Stored dataset items
--*--

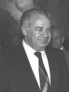 In 1966 he was expelled from the party[3] for trying to promote an abortion bill through the Knesset.[4] So together with two others, he formed the Free Centre in 1967. Tamir was re-elected in 1969, and again in 1973, by which time his party had merged into Likud. He resigned from the Knesset in January 1977 to form the Shinui Party, which failed and very soon broke up. Immediately afterwards he decided to join the new centrist party, the Democratic Movement for Change (Dash). He was returned to the Knesset in the 1977 elections on Dash's list, and was appointed Minister of Justice in the Begin government on 24 October. As Dash disintegrated, Tamir joined the Democratic Movement, before leaving to sit as an independent MK (member of the Knesset). He resigned from the cabinet on 5 August 1980 when his party was frozen out of coalition decision-making. At the ensuing 1981 election he lot his seat.
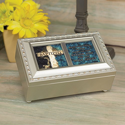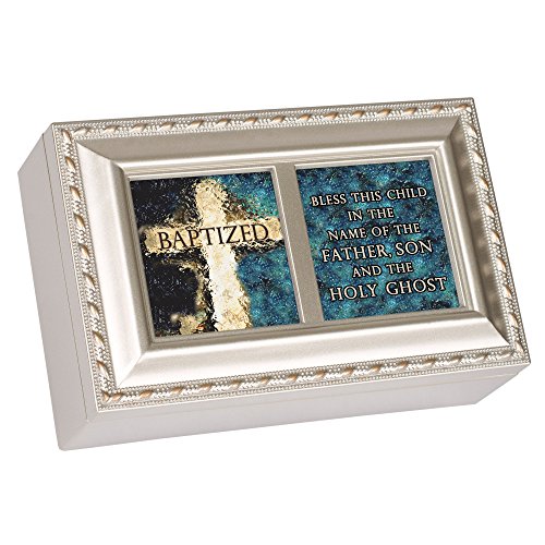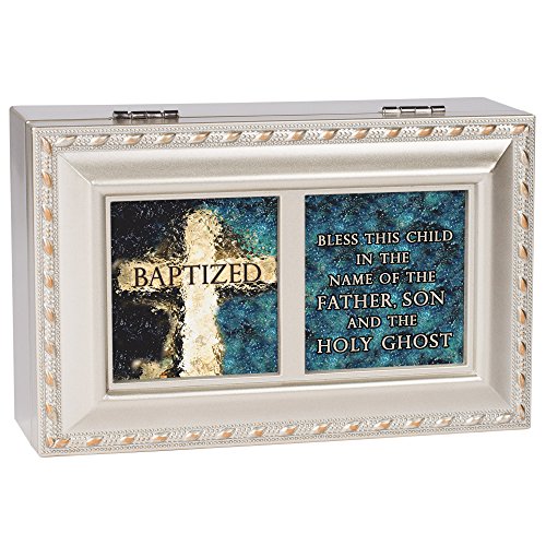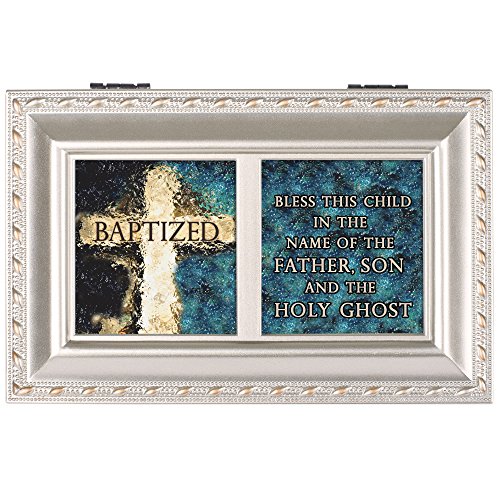 Baptized Bless This Child Father Champagne Silvertone Petite Keepsake Music Box Plays Jesus Loves Me
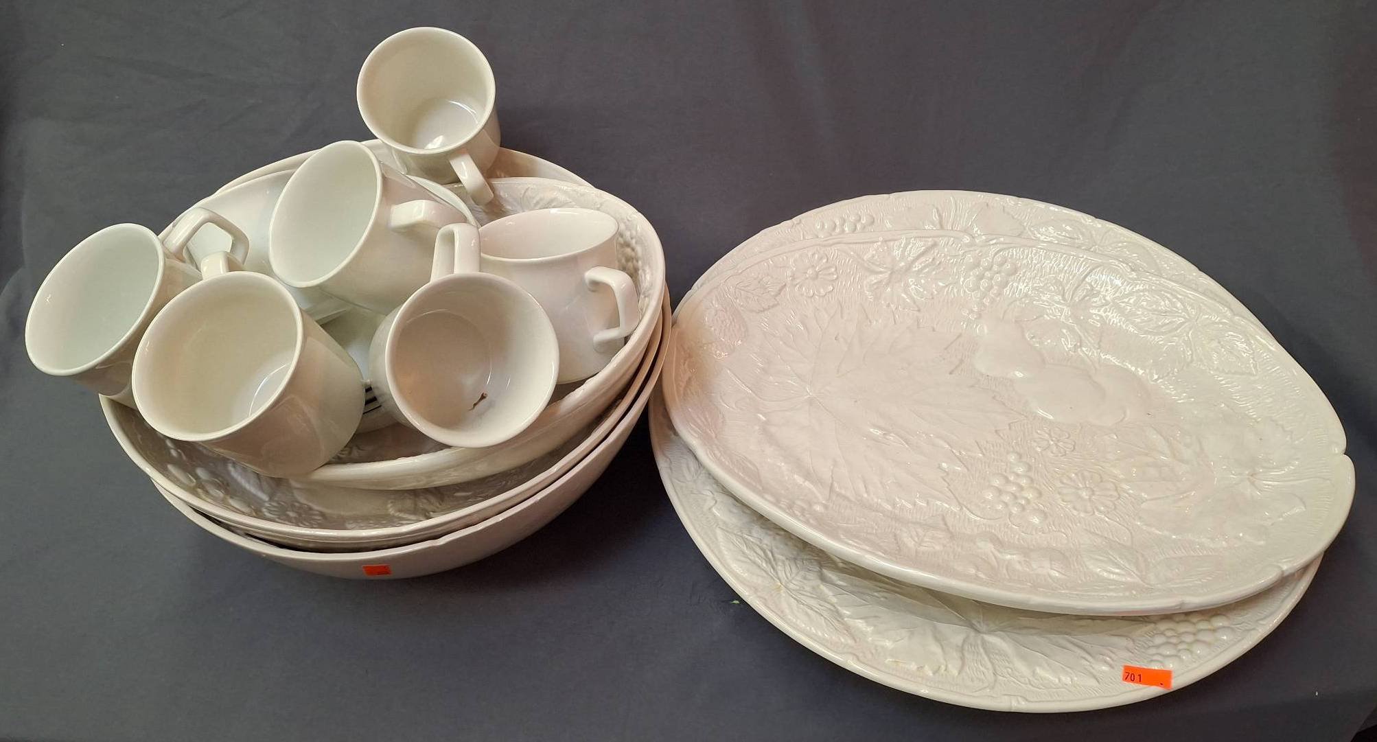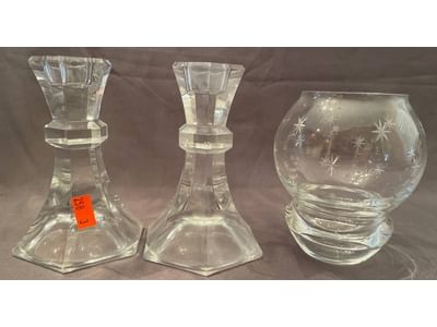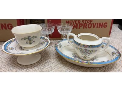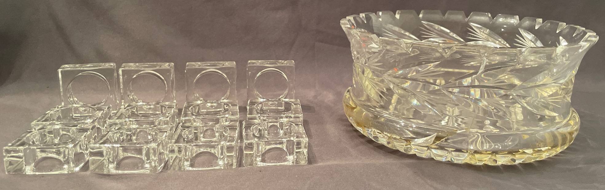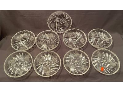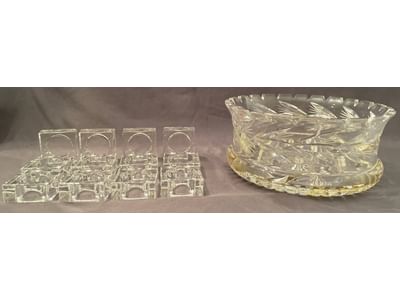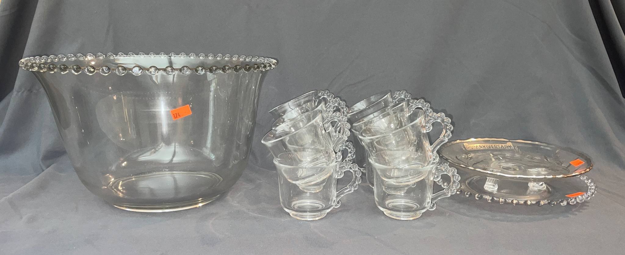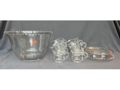 174 Glass Punch Bowl, 12 Cups, and 2 Glass Plates, some Candlewick
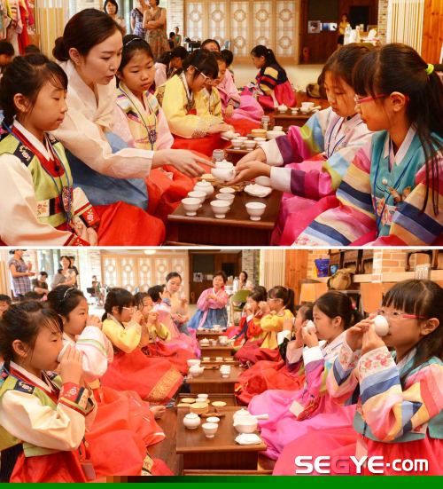 여름방학을 맞은 초등학생들이 29일 오전 서울 강동구 암사동 선사유적지 전시실에서 한복을 입고 다도 체험을 하고 있다. 이번 전통 예절 체험은 입시와 성적에 치우친 학교교육을 보완하고 학생들의 정서 함양을 위해 기획됐다.
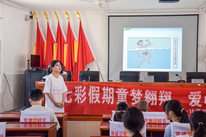 童心繪夢,以教啟智。志愿者何一珂、宋欣結(jié)合汛情和暑期的高溫天氣,精心設(shè)計了防溺水安全教育的教學(xué)內(nèi)容。何一珂通過生動的案例分析向孩子們展示了溺水事故頻發(fā)的原因、帶來的嚴(yán)重后果以及預(yù)防措施,讓他們深刻認(rèn)識到了防溺水的重要性。
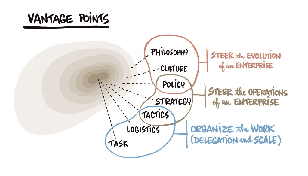Each vantage point is valid. Most problems cannot be solved only from a single vantage point. When you change perspectives – get a new vantage point – this is often the key to creating new solutions.

--*--

▶ What you have to do
Start at the line holding "童心繪夢,以教啟智。志愿者何" and stop at the last line of the entries above. Repeat those lines exactly, pictures excluded.

▶ Task result
 童心繪夢,以教啟智。志愿者何一珂、宋欣結(jié)合汛情和暑期的高溫天氣,精心設(shè)計了防溺水安全教育的教學(xué)內(nèi)容。何一珂通過生動的案例分析向孩子們展示了溺水事故頻發(fā)的原因、帶來的嚴(yán)重后果以及預(yù)防措施,讓他們深刻認(rèn)識到了防溺水的重要性。
Each vantage point is valid. Most problems cannot be solved only from a single vantage point. When you change perspectives – get a new vantage point – this is often the key to creating new solutions.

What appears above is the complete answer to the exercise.